Select Columns with filter()
The filter() method selects columns (or rows) by name patterns. It does not filter rows by value -- instead, it filters column labels.
# Select columns that contain "er"
df.filter(like='er', axis=1)
# Returns: customer, order_id columns
# Select columns matching a regex
df.filter(regex=r'^(product|amount)$', axis=1)
# Select specific columns by name
df.filter(items=['customer', 'amount', 'region'])This is useful when you want to select columns from a wide DataFrame without listing each column name individually.
Multi-Column Filtering with &, |, ~
Complex real-world filters usually involve multiple columns. Use & (AND), | (OR), and ~ (NOT) operators. Always wrap each condition in parentheses.
# Completed orders over $500 from East or North regions
result = df[
(df['status'] == 'completed') &
(df['amount'] > 500) &
(df['region'].isin(['East', 'North']))
]
print(result)# Orders that are either high-value OR from a specific customer
result = df[
(df['amount'] > 1000) | (df['customer'] == 'Bob')
]
print(result)A common mistake is using Python's and/or keywords instead of &/|. Python's and/or evaluate entire Series as a single boolean, which raises a ValueError. Always use the bitwise operators with parentheses.
# WRONG - raises ValueError
# df[df['amount'] > 500 and df['region'] == 'East']
# CORRECT
df[(df['amount'] > 500) & (df['region'] == 'East')]Filtering Missing Values with isna() and notna()
Missing data is common in real datasets. Pandas provides isna() (alias isnull()) and notna() (alias notnull()) to filter based on missing values.
# Rows where customer is missing
missing_customer = df[df['customer'].isna()]
print(missing_customer)
# Rows where customer is NOT missing
valid_customer = df[df['customer'].notna()]
print(valid_customer)You can combine missing value checks with other conditions:
# Completed orders with a known customer
result = df[(df['customer'].notna()) & (df['status'] == 'completed')]
print(result)For strategies on handling missing data beyond filtering, see our pandas missing values guide and pandas fillna guide.
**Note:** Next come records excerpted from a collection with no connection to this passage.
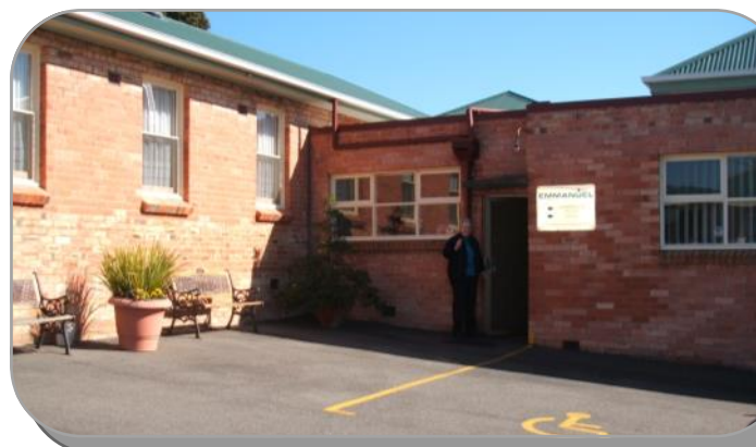
The Emmanuel Centre, formerly a Boarding School conducted by the Sisters of St Joseph, Tasmania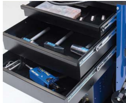
Dedicated drawers for steel and aluminum tool storage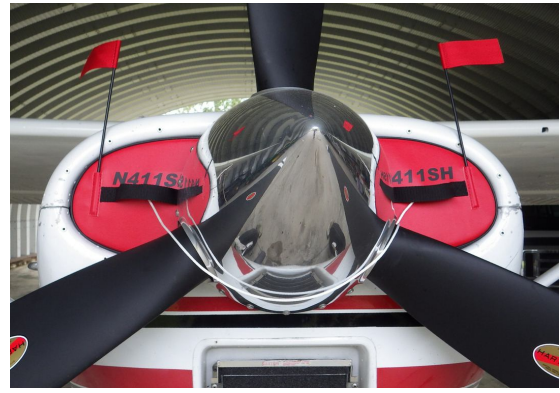
Cessna 180G Engine Inlet Plugs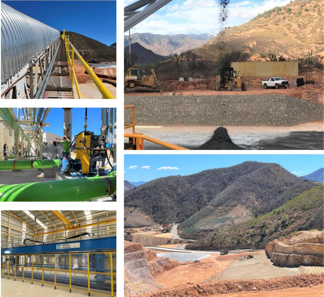
Dry Stack Tailings Filtration Plant and Dry Stack Area

Dry Stack Tailings Project: Construction and commissioning of the filtration plant and dry stack tailings project is complete. The dry stacked tailings will accelerate reclamation of certain areas of the open pit mine, extend the life of the existing tailings and storage facilities, and significantly reduce water consumption as approximately 80% of the process water will be available for reuse. As of December 31, 2021, $14 million has been invested in this project.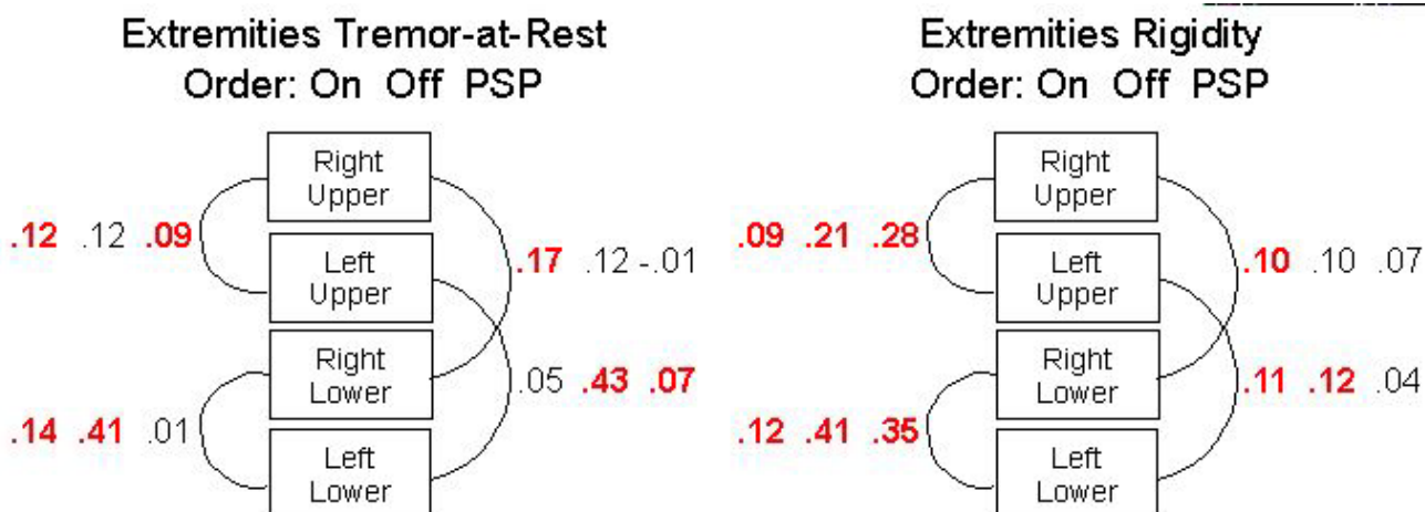
Figure 2 Residual covariances for the Tremor-at-Rest variables and the Rigidity variables. Values are those from the common metric completely standardised solution. The bold values have t-values larger than 3. The order of the three numbers is always: PD-On, PD-Off, PSP.

1999; Cubo et al., 2000) [6-8], who presented the oblimin transformed component solutions for each of the three groups separately.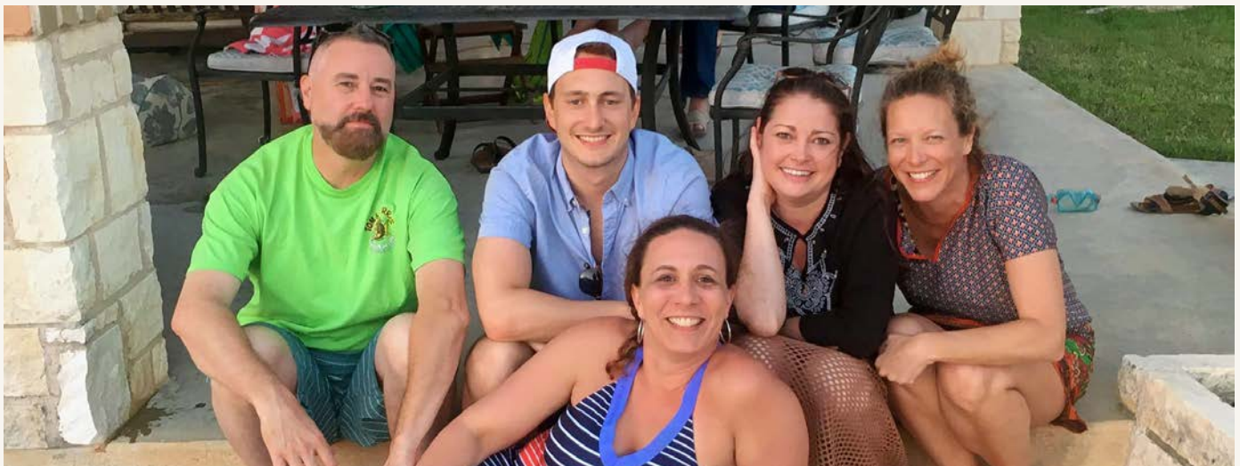
Sitting by the pool with my older brother and three older sisters

Searching Across All Columns
Sometimes you need to find a value that could appear in any column of the DataFrame, not just one specific column.
# Find rows where any column equals "Laptop"
rows_with_laptop = df[df.eq('Laptop').any(axis=1)]
print(rows_with_laptop)For string search across all string columns:
# Search for "East" in any column
mask = df.apply(lambda col: col.astype(str).str.contains('East', na=False))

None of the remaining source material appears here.